Write metric callback
Args:
node_name (str): Name of node, which generate metric
task_name (str): Name of task
metric_name (str): Name of metric
metric (np.ndarray): Metric value
round_number (int): Round number
"""
mlflow.log_metrics({f'{node_name}/{task_name}/{metric_name}': float(metric), 'round_number': round_number})
You could view the log results either through UI interactively by typing mlflow ui or through the use of MLflowClient. By default, only the last logged value of the metric is returned.
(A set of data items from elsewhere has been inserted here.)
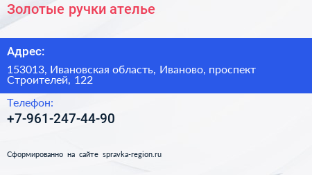 Золотые ручки, ателье по адресу 153013, Ивановская область, Иваново, проспект Строителей, 122 в дальнейшем Организация, размещена в следующих категориях: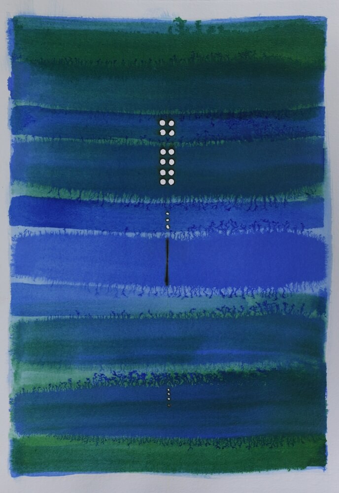 The universe has always been a source of wonder to him and through his masterful strokes of colour, he explores the enigmatic and transcendent nature of the universe. His compositions are characterized by three main elements which breathe life into every piece of this series. First is the daring use of water based colours which is the perfect setting for the second element, which is the vertical line running from the top to bottom representing the cosmic. Last but not the least, is the clever use of perforation and puncturing of the paper within the composition giving his pieces an interesting dimension which resonates with the mysticism. The combination of these three elements adds to the celestial aura of every piece breathing life into each of the compositions. Ashok Gulati’s work reflects his maturity in the expressing structured through the abstract. …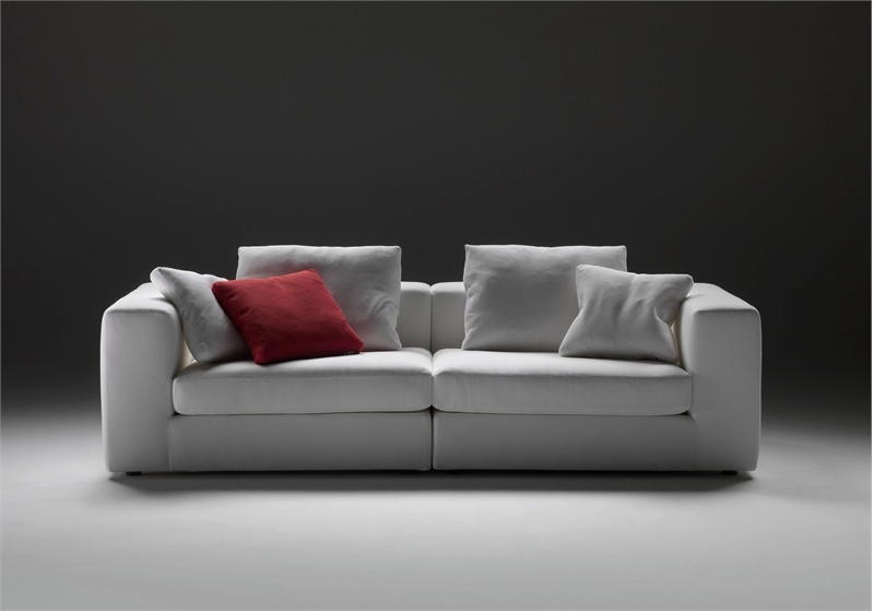 The More Ice sofa from Italian manufacturer Meritalia. Modular sofa. This model has decorative pillows. Available model various depths. Presentation of modules of different widths. The sofa is designed in modern style.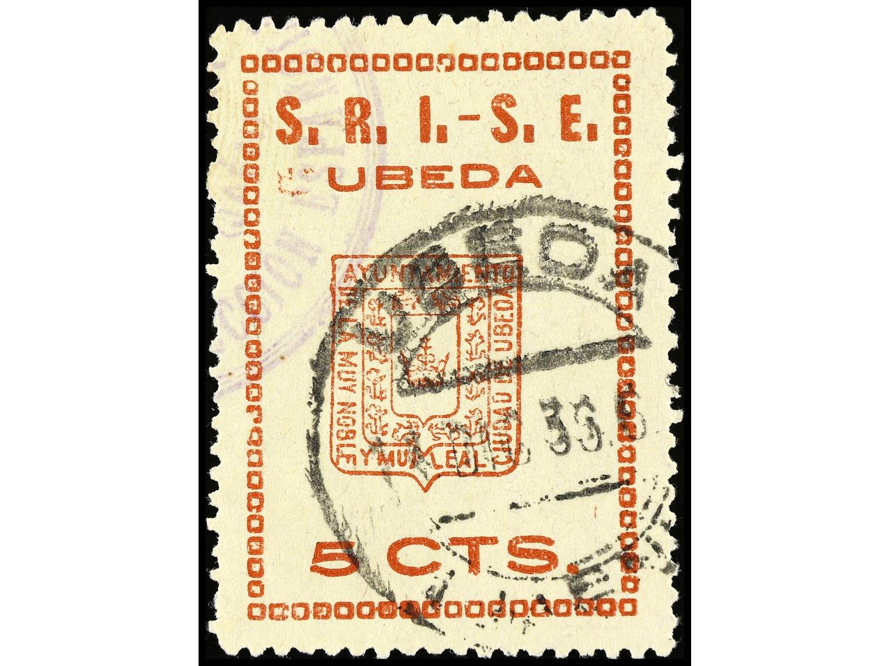 ESPAÑA GUERRA CIVIL. ÚBEDA (Jaén). 5 c. rojo. S.R.I. (All. 15). (Image1)

If you want to retrieve all the values of a given metric, uses mlflow.get_metric_history method.
import mlflow
client = mlflow.tracking.MlflowClient()
print(client.get_metric_history("<RUN ID>", "validate_local/locally_tuned_model_validation/accuracy"))
Known issues#
Metric writing via TensorBoard is not supported within enclaves due to lack of full support for pythonic multiprocessing within Gramine.
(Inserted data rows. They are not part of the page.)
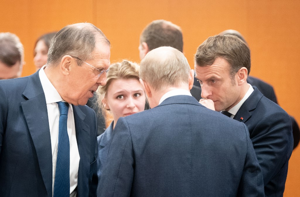 (L-R) Acting Russian Foreign Minister Sergei Lavrov, Russian President Vladimir Putin and France's President Emmanuel Macron talk at the start of a Peace summit on Libya at the Chancellery in Berlin, on January 19, 2020. Kay Nietfeld / POOL / AFP
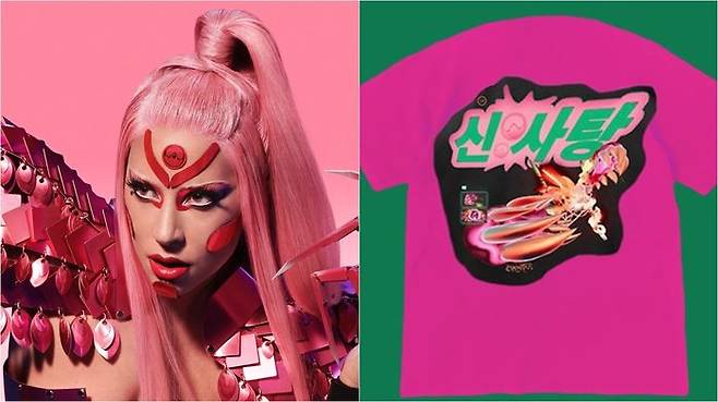 그중에서도 곡 제목 'Sour Candy'를 한국어 그대로 번역해 '신 사탕'으로 적은 티셔츠가 눈길을 끌었는데요, 티셔츠 앞쪽에는 '신 사탕', 뒤쪽엔 'LADY GAGA AND BLACKPINK LOVE YOU'라고 적혀있었습니다.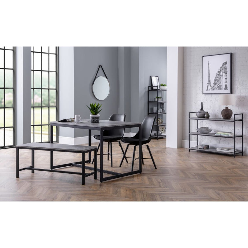 Simplistic in design with a contemporary style, the Staten Dining Table adds a stunning industrial look to any living or dining area. Constructed from a robust black-coated metal frame and complemented by striking concrete effect tops, this table creates a stylish and modern product.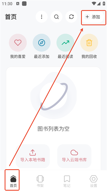 2.导入书籍时可以点击右上角的添加按钮,首次使用时首页中央区域会出现导入本地书籍按钮点击即可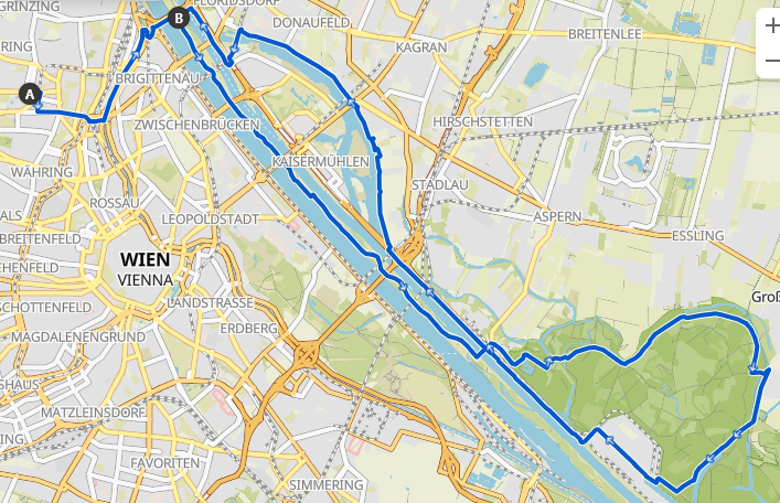 Treffpunkte:10:00 - T1 - S 45 Station - Krottenbachstrasse, F. Ekkamp10:15 - T2 - U6 Station - Neue Donau, W. Rehberger10:25 - GT - Nordsteg (gemeinsamer Treffpunkt)P1 - Pause - Uferhaus StaudiglP2 - Oase - NF Alte Donau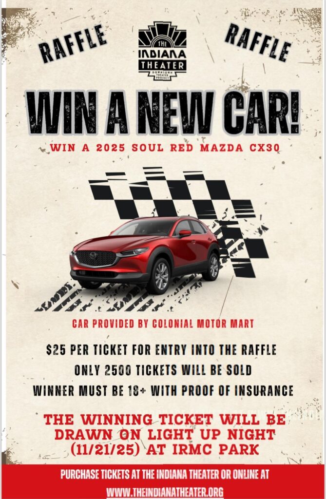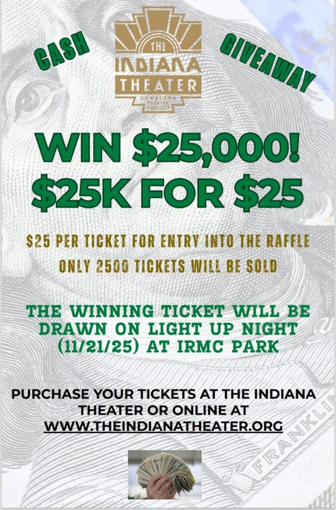 Folks, we’re doing some BIG time Raffles to raise money for The Indiana Theater!

By default, metrics are only synchronously written to a text file when enabled. Outside enclave environments, you may enable tensorboard logging via TENSORBOARD=1 environment variable. We are assessing ways to synchronously write tensorboard-compatible proto files. If this is a feature you are interested in, or would like to contribute a PR, please create an issue or a pull request.